Having populated these tables, I attempted the following query:

        SELECT * FROM roles WHERE person = 28389;

It turns out that this query - equivalent to query (a) shown below -
takes more than ten times the amount of time required by query (b),
despite being guaranteed to give exactly the same result!

(a) (slow)
        SELECT * FROM role_keys NATURAL LEFT JOIN role_person
                WHERE person = 28389;

(b) (fast)
        SELECT * FROM role_keys NATURAL JOIN role_person
                WHERE person = 28389;

Apparently PostgreSQL does not realize that the rows created for
unmatched role_keys rows by the LEFT JOIN are guaranteed to be thrown
out by the WHERE clause (their `person' fields will be null).  Because
of this it reads through the entire role_keys table:

(a) (when run with EXPLAIN)
        Merge Join  (cost=0.00..3990.83 rows=67524 width=12)
        ->  Index Scan using role_keys_pkey on role_keys
                (cost=0.00..1280.67 rows=67524 width=4)
        ->  Index Scan using role_person_role_key on role_person
                (cost=0.00..1359.68 rows=67525 width=8)

(b) (when run with EXPLAIN)
        Nested Loop  (cost=0.00..6.91 rows=1 width=12)
        ->  Index Scan using role_person_index on role_person
                (cost=0.00..3.02 rows=1 width=8)
        ->  Index Scan using role_keys_pkey on role_keys
                (cost=0.00..3.01 rows=1 width=4)

It is not obvious to me where in PostgreSQL's optimization routine to
insert the intelligence to reduce this from a `LEFT JOIN' to a `JOIN'.
Has anyone else had to deal with this case?
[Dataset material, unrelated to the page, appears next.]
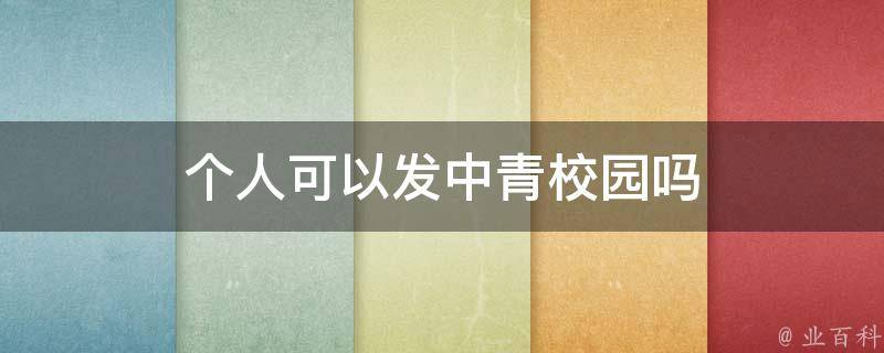 个人不可以发中青校园。因为中青校园更倾向于与学校、学生组织或官方合作,以提供有价值且经过审核的信息给在校大学生。如果您有一些有关校园生活、学习、就业等方面的信息想要分享,您可以尝试与所在学校的相关部门或学生组织合作,让他们将相关内容发布到中青校园或通过其他渠道与目标受众分享。

The VIEW itself must be a LEFT JOIN because I need all roles to appear
when I query the view; but I will frequently need to do queries like
the above, and would like to avoid either (a) having to create a
separate view for each combination of fields on which I might search,
or (b) querying using the raw database tables since I would like the
actualy design hidden from my business logic.

Thanks for any ideas,
--
Brandon Craig Rhodes                         http://www.rhodesmill.org/brandon
Georgia Tech                                            brandon@oit.gatech.edu

Re: improving a badly optimized query

From
Tom Lane
Date:
Brandon Craig Rhodes <brandon@oit.gatech.edu> writes:
> (a) (slow)
>         SELECT * FROM role_keys NATURAL LEFT JOIN role_person
>                 WHERE person = 28389;

> (b) (fast)
>         SELECT * FROM role_keys NATURAL JOIN role_person
>                 WHERE person = 28389;

> Apparently PostgreSQL does not realize that the rows created for
> unmatched role_keys rows by the LEFT JOIN are guaranteed to be thrown
> out by the WHERE clause (their `person' fields will be null).
> [ and hence the LEFT JOIN could be reduced to a JOIN ]

Hmm ... you are right, there is no such logic in there.  It seems like
a useful optimization, but I have an uncomfortable feeling that there's
something wrong with it.  Can you point to a rigorous proof that this is
okay in complicated contexts such as nested outer joins?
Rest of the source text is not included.